> Your instructions
Take the lines below between the one holding "Legitymacja związkowa Związku" and the one holding "Мы изучили влияние", inclusive, and copy them exactly. Add nothing.

> Records for the task
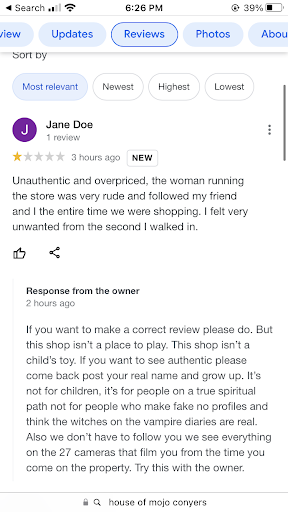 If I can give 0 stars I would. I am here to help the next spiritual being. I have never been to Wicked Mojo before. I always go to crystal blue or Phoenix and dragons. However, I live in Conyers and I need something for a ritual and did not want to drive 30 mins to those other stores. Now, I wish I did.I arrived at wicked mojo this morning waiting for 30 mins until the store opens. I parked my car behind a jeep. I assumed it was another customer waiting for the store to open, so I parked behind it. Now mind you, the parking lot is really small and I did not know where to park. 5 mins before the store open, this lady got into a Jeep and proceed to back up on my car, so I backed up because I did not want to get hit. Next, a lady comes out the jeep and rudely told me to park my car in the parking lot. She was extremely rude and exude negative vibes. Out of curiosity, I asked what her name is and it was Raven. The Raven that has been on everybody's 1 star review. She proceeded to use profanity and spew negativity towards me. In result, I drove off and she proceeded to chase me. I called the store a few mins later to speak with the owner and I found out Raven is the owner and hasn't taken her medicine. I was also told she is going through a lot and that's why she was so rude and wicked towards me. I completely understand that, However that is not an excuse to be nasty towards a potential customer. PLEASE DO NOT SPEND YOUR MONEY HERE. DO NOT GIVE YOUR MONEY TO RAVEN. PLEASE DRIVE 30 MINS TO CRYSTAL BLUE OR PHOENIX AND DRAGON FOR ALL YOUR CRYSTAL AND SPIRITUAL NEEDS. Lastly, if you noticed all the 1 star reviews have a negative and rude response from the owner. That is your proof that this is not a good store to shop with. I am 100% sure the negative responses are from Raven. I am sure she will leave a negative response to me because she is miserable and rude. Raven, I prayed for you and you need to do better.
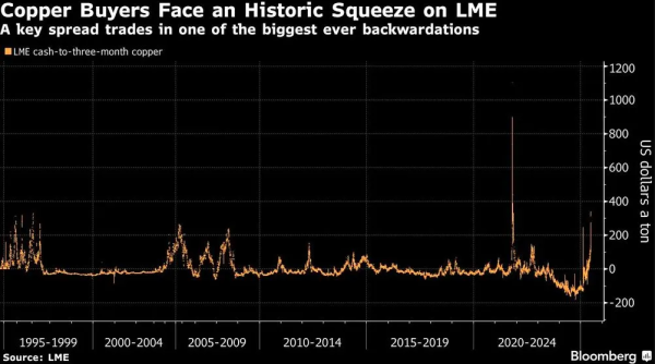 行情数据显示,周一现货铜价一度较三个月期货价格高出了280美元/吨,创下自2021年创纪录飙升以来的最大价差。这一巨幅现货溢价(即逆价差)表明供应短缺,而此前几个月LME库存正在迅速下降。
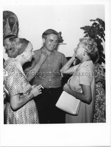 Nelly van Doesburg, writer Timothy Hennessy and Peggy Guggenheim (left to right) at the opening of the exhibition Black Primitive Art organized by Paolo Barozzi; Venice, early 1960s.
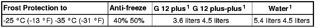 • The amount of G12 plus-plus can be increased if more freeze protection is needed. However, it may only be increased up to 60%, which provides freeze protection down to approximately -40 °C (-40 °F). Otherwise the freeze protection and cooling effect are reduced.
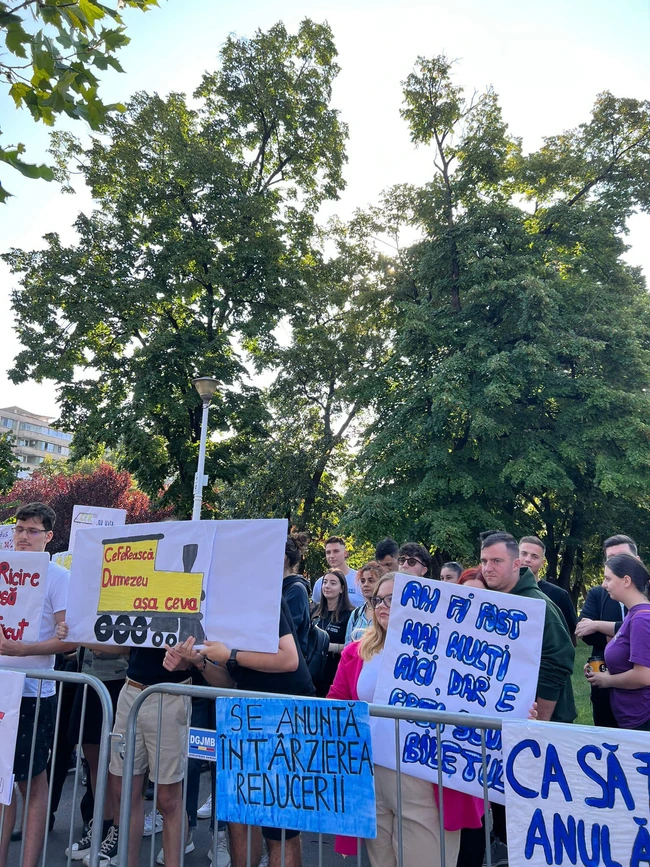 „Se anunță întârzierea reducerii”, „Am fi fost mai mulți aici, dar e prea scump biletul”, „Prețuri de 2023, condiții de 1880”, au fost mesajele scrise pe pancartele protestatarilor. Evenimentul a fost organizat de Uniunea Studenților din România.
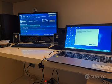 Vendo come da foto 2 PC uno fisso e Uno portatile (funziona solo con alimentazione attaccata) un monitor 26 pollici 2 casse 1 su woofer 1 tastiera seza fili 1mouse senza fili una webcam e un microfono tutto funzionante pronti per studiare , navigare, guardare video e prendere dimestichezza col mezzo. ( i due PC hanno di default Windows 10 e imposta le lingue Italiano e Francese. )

---

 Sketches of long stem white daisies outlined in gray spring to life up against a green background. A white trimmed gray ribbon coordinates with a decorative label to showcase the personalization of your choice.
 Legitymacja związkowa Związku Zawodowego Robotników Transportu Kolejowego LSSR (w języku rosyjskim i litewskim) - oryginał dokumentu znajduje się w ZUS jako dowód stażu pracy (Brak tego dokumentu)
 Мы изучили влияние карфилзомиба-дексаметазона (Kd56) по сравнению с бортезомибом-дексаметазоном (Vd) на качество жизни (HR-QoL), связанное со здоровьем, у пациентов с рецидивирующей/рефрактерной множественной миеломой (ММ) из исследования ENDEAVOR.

--

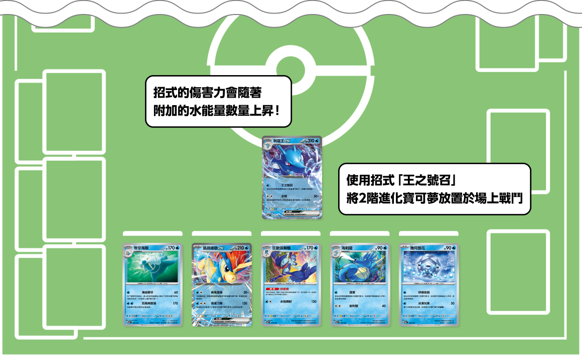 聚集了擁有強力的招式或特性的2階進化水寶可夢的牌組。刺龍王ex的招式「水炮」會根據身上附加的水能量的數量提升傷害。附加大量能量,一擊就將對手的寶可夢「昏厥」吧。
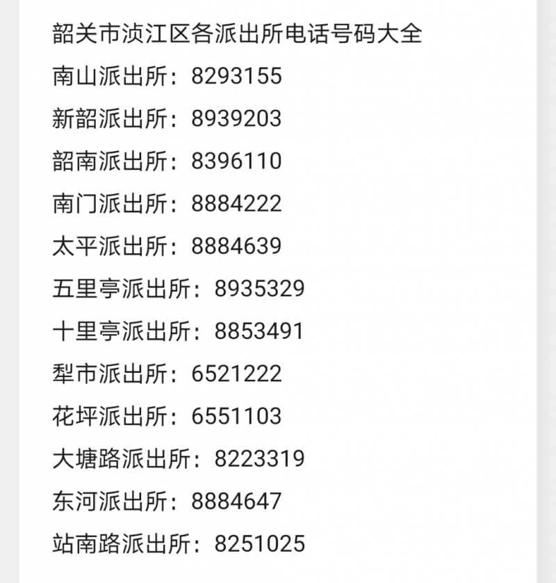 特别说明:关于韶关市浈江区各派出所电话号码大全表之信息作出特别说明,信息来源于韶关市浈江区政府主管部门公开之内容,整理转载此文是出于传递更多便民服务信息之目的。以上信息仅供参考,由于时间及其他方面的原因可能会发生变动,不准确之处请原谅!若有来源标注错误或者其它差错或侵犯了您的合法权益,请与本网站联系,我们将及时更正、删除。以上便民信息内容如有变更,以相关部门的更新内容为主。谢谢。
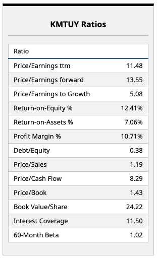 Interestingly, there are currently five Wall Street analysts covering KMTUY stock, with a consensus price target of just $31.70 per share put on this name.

> Response
 Legitymacja związkowa Związku Zawodowego Robotników Transportu Kolejowego LSSR (w języku rosyjskim i litewskim) - oryginał dokumentu znajduje się w ZUS jako dowód stażu pracy (Brak tego dokumentu)
 Мы изучили влияние карфилзомиба-дексаметазона (Kd56) по сравнению с бортезомибом-дексаметазоном (Vd) на качество жизни (HR-QoL), связанное со здоровьем, у пациентов с рецидивирующей/рефрактерной множественной миеломой (ММ) из исследования ENDEAVOR.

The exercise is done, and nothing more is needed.